Daigneault and Genoter both acknowledged that it can be controversial to put an economic number value on natural resources — many people see nature as inherently “priceless,” and putting a price on any aspect of it could be a slippery slope — but note that given the it is one of the best ways to advocate to policymakers for the preservation of natural resources. Gallo has already been able to use the study to advocate for regulations on wake boats which can damage shorelines. She has also developed a decisionmaker document with the information from the study to “distribute far and wide.”
“Any appropriations committee member is obviously looking at money,” Gallo said. “A tool like Adam and Melissa produced is a good thing to have in our pocket. Working with the Mitchell Center team on the lakes economics study has been a wonderful experience for many reasons. Dr. Daigneault and his team were great collaborators, bringing their expertise and modeling skills to the table but also spending lots of time deconstructing their methods so they could be understood by lay audiences. It is, I think, a great example of how to apply academic research, which really does take some extra time and effort.”

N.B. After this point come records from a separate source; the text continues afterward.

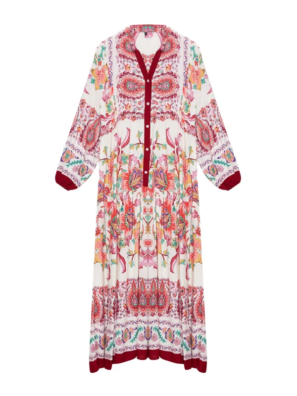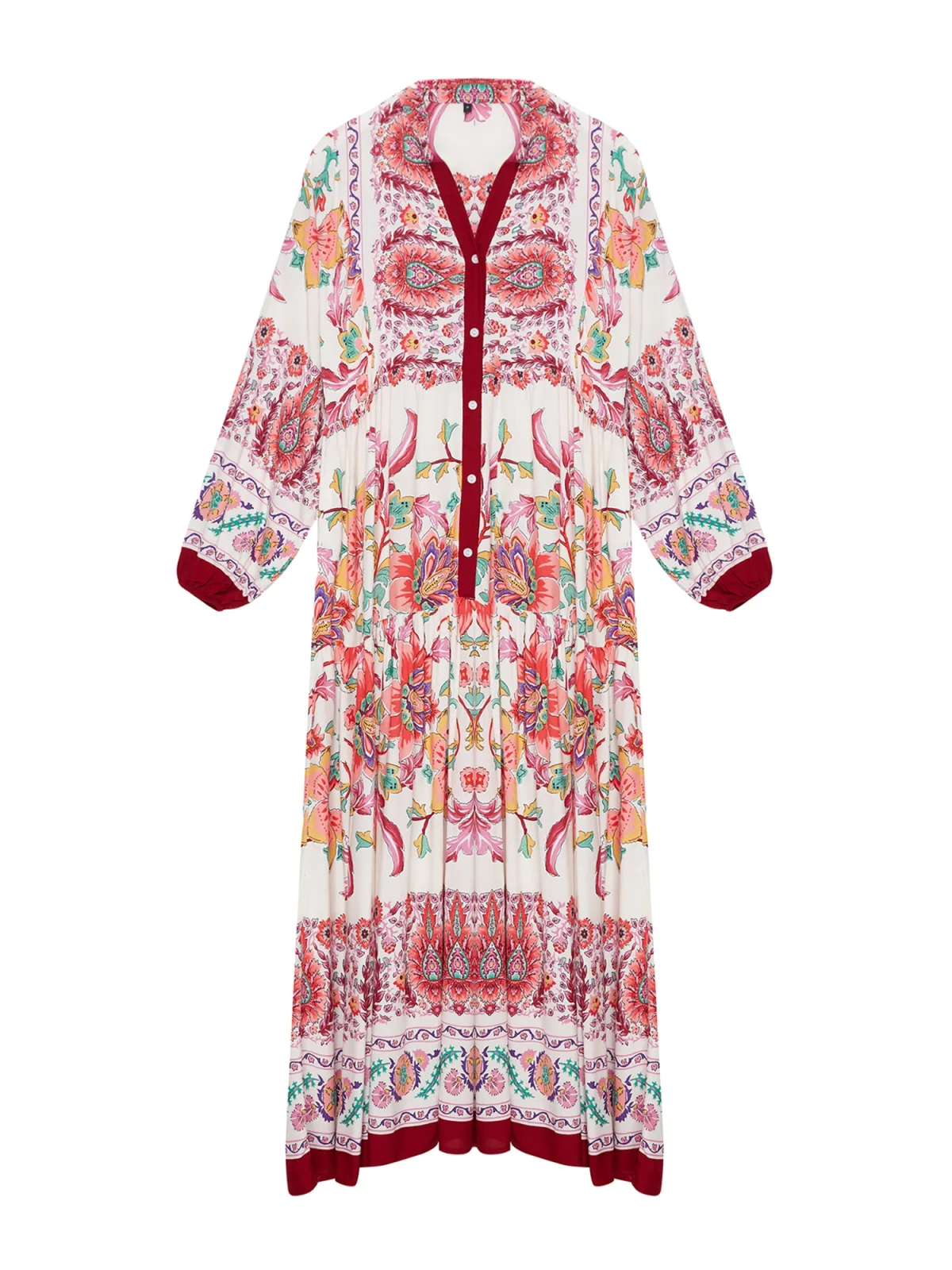 Design: Gevoerde zoom/rand, A-lijn, Rechte zoom, Knop placket; Type sluiting: Knoopsluiting; Materiaal: Viscose; Halstype: Opstaande kraag; Motief: Bloemenprint; Details: Volant, Gedrapeerd; Extra's: All-over patroon, Gladde stof; Lengte: Lang/maxi; Snit: Uitlopend; Pasvorm: Wijde pasvorm; Armlengte: Lange mouw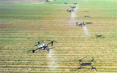 植保无人机助力春管喷药。青报全媒体/观海新闻记者 赵健鹏 摄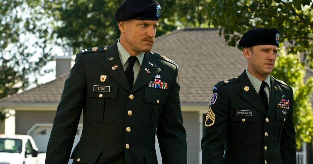Before he is discharged, he is dispatched as a casualty notification officer along with Captain Tony Stone (Woody Harrelson) as his mentor.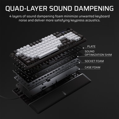 Tangentbordet har en 96% formfaktor som inkluderar numerisk knappsats, vilket ger en bra balans mellan funktionalitet och utrymmeseffektivitet. Det har också ett fyrlagers ljuddämpningssystem med silikonskum och andra material som absorberar oönskat ljud, vilket resulterar i ett djupare, mer tillfredsställande "thocky" ljud från knapptryckningarna. Tangentbordet levereras med hållbara double-shot PBT-tangenter som står emot slitage, glans och blekning.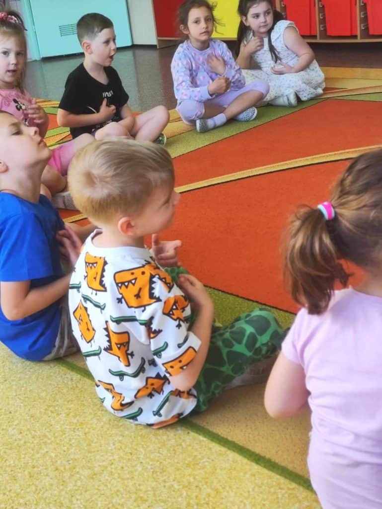 Drugim gościem, który odwiedza nas co miesiąc była Pani zajmująca się i ucząca nas języka migowego. Żabki migają piosenki i wybrane słowa w zachwycający sposób, bardzo szybko opanowując kolejne gesty.

Gallo has been collaborating with Genoter to conduct outreach for the study and explain its results to the general public. Genoter and Gallo presented the study on Maine Public’s “Maine Calling” radio program on April 3.
“Academics know their stuff real well. It took me like a month to know what academic economic value really meant. Melissa really helped with that,” Gallo said. “She had this passion for lakes that drove her to do a great job. It’s the progression you really want when you engage young people: you engage them, inspire this passion and they follow this path. She’s delivered presentations and posters and that all by itself is so rewarding that she got involved.”
Genoter and Daigneault will present about the project as keynote speakers at the Maine Lakes and Lake Stewards of Maine Lake Conference 2024 on June 21 at the University of Maine at Farmington.
Genoter said that she can already see ways in which the study can be expanded in the future. She would love to capture other variables which are a little less tangible, like the “existence value” of lakes — research which is currently in progress at Colby College — and incorporate traditional voices into the surveys. Their study also didn’t weigh winter sports as much, — though Daigneault said that the survey indicated that only 5% of people who used Maine lakes did so outside of May to October — so the recreation figures could even be undervalued.
The true value of Maine’s lakes may never be fully captured, but thanks to creative interdisciplinary research and community connections, they have a figure that can be used for their protection today.